User login

Weekly Report -- 18/03/2016




Helped finish off the funding proposal in the first half of the week.

Continued working with libprotoident. This week I gave up on the elephant flows and started looking at the mice flows. Found some interesting stuff; the highlight being a huge number of flows on TCP port 80 that seem to be associated with the Baidu web browser. The behaviour of these flows is particularly odd: connect to server, send a FIN with seqno N, retransmit FIN a few times, send a non-FIN packet with 1 byte of payload (0x00) and seqno N-1 (incredibly invalid TCP behaviour!), server sends a RST. End result is > 150,000 flows over a week on port 80 with a single outgoing byte of payload.

Added some filters on the Endace probe to see if we can find people doing this traffic on campus, as the Baidu browser is pretty well-known for having a tendency to leak all sorts of private data back to its masters. Found multiple staff PCs that appear to be doing this sort of traffic, so Brad and I will try to prepare a report for ITS next week.

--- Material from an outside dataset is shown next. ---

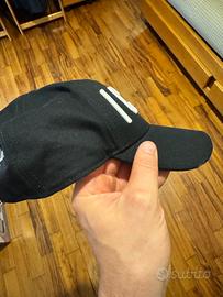 Cappellino baseball nero, praticamente nuovo. Usato 1 volta. L’interno e esterno non presenta nessun segno di usura né aloni o macchie.

Met with Nathan at Lightwire on Thursday afternoon re: AMP and netevmon. Came away with plenty of ideas and suggestions for improvements we can make and hopefully we also helped Nathan understand parts of our system better as well. The good news is that netevmon seems to mostly be picking up valid events, but even so the number and frequency of these events can be overwhelming so we need better control over what events are shown to the user.